Re: >H ENVIR:Is the planet really dying?

From: Anne Marie Tobias (atobias@interwoven.com)
Date: Tue Jul 03 2001 - 00:23:13 MDT


"Robert J. Bradbury" wrote:

> On Sun, 1 Jul 2001, Chris Hibbert wrote:
>
> > Sometimes these laws achieved their effects by outright prohibition, but
> > the more effective of them were designed to reduce the impact of
> > externalities on third parties.
>
> Yes, the focus should be to identify the costs of the externalities
> and make them be paid for up front. A more advanced analysis would
> include estimates of technological progress and determine whether
> paying for them later would actually be less expensive. The actual
> cost of paying for them now or later has to be balanced with
> the impact on humanity (and the potential loss of life).
>
> > If you read Julian Simon's "The Ultimate Resource 2", you'll see lots of
> > arguments that many of these changes would likely have come about
> > without infringing on anyone's freedom. One of Simon's arguments is
> > that as societies get richer, industry develops technologies that use
> > ever more of the inputs effectively, and that side effects are mitigated
> > because companies find it more cost effective to reuse and recycle.i
>
> The development of these technologies is predictable so long as competition
> exists. However, there may be investment & profit barriers to implementing
> the technologies (wind & solar power come to mind). Since the cost of
> technologies may scale inversely with demand, then the imposition of
> freedom violating regulations or laws may be necessary to get over
> the barrier to the production of low-cost technologies that can be
> used by everyone. [The needs of the many outweigh the needs of
> the few, or the one???]
>
> > Another driver is that the public wants a cleaner environment for lots
> > of reasons, and finds ways to encourage their neighbors to not mess up
> > the neighborhood.
>
> This is the "art of the long view" -- it only comes when people collectively
> begin to realize that *they* may have to pay for the mess they are creating.
> So long as you "know" you are going to be dead in 100 years, it is in one's
> [did I get that apostrophe right???] self-interest to borrow from the
> commons and let the next generation clean up the mess. However, once
> one begins to realize that one may reap what one has sown, then clarity
> begins to emerge.
>
> It would be interesting to run this simulation all over again, only instead
> of managing it with "freedom" violating impositions of law to manage
> it with government funded "advertising" to the public about the shame
> they should feel for burdening their children with the consequences
> of their choices.
>
> Robert

THANK YOU! THANK YOU! THANK YOU! THANK YOU!!!

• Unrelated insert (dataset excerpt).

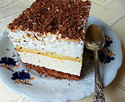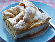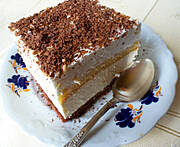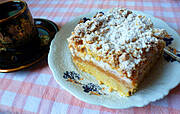 A cukierniczo jablecznik zabajony z bitą śmietana i serem białym...polecam delkates na talerzyku

Robert! I love it when men talk smart! It's so damn sexy!!!

Any basic for an economic system must include the inherent cost of
the short and long term effects of that economy. Those effects must
include resouce utilization, sustainability, ecological and environmental
cost, and the cost benefit of that economic venture to the culture in
which it operates. An equitable system must be established that does
not allow one person to benefit at the harm or death of thousands or
millions of others. Our current system lives inside completely fallicious
concepts. Resources are not endless (at least as long as we live on this
planet, and even shortly after we leave the planet, resoures may indeed
become limiting factor for growth.) The world cannot endure unlimited
damage, or pollution. The world cannot sustain unlimited human
populations. Yet, the basis of our economics assume these very things.
As long as it is less expensive to dump waste illegaly, then it is to do the
right thing, there will always be somebody, who feels that the money to
be spent on waste handling could be doing something better... to the
detrement of those poor bastards downstream... and if caught, oh well
the hand slap fine for getting caught 1 in 500 times makes this a boom
business in some states.

A sane economic system includes the cost of cleaning it's messes and
repairing the damage done (if any) as a function of doing business. It
makes ecological disasters so expensive at the onset, that they are
never financially feasible on planet (as it should be...) It makes the cost
of doing business balance with the responsibility of sustaining human
life at a workable level of quality of life. It also supports a world that has
room for other species, habitats, and ecological diversity... not because
there is any inherent value in one deer, but because we are biotic, and
as long as we are, we had better manage to keep the biosphere in
sufficient working order to sustain us through transition to the our next
level of evolution... it would also do us well to remember the power of
exponential growth... just as our technology is taking off, so is our
ability to turn the world into a toxic toilet. I would highly recommend
that we make sure the curve towards our acension as higher forms
of intelligence, isn't terminated by the curve delineating the exponential
growth of the impact of our reptile thinking stupidity.